• **Data block**:

_____

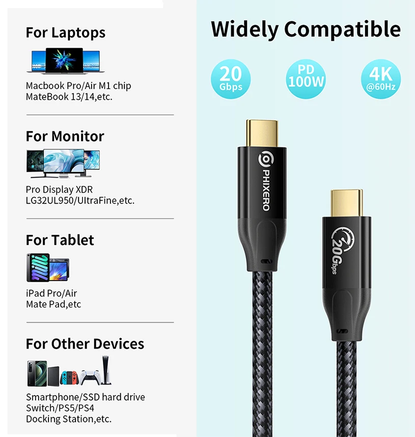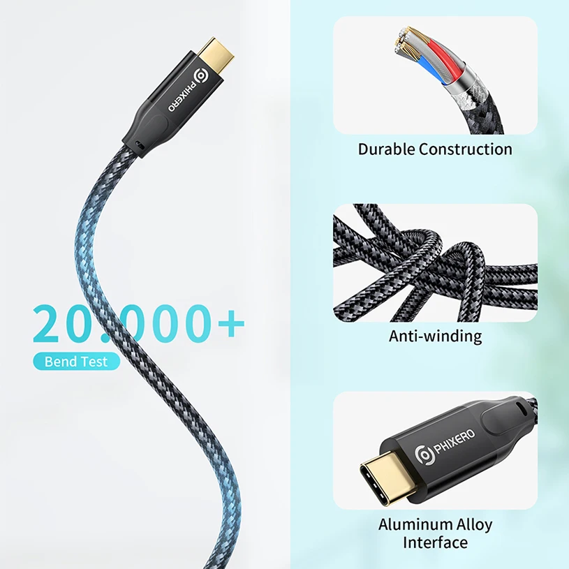 PHIXERO PD 100W USB 3.2 Cable de carga rápida tipo C 3 20Gbps Cable de extensión de alta velocidad 20V 5A carga Kabel 4K 60Hz línea de cargador
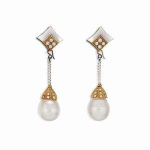 PAIO DI ORECCHINI CON PERLE SOUTH SEA E DIAMANTI in oro bianco 18kt, impreziositi da due perle south sea di mm [..]
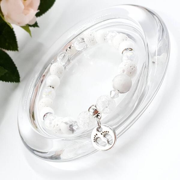 Gyönyörű csiszolt, 8 mm átmérőjű matt, áttetsző és roppantott hegyikristályból, illetve tejkvarc és fehér lávakő ásványokból készült karkötő, és egy 10 mm átmérőjű tappancs medál díszít.
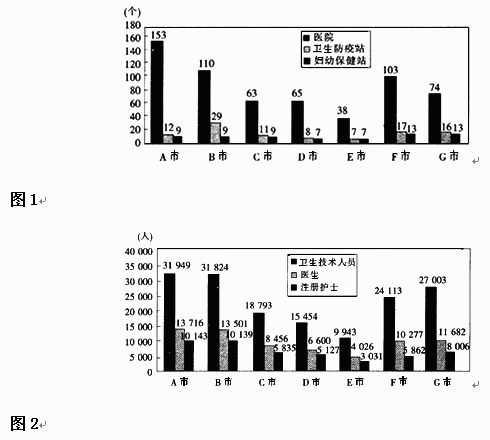 根据下面两图中某省对7个城市的卫生事业基本情况的统计回答121-125的问题(见图1、图2)

_____

• **What the task asks**:
Return each line above word for word. Skip the pictures.

• **Output for this exercise**:
 PHIXERO PD 100W USB 3.2 Cable de carga rápida tipo C 3 20Gbps Cable de extensión de alta velocidad 20V 5A carga Kabel 4K 60Hz línea de cargador
 PAIO DI ORECCHINI CON PERLE SOUTH SEA E DIAMANTI in oro bianco 18kt, impreziositi da due perle south sea di mm [..]
 Gyönyörű csiszolt, 8 mm átmérőjű matt, áttetsző és roppantott hegyikristályból, illetve tejkvarc és fehér lávakő ásványokból készült karkötő, és egy 10 mm átmérőjű tappancs medál díszít.
 根据下面两图中某省对7个城市的卫生事业基本情况的统计回答121-125的问题(见图1、图2)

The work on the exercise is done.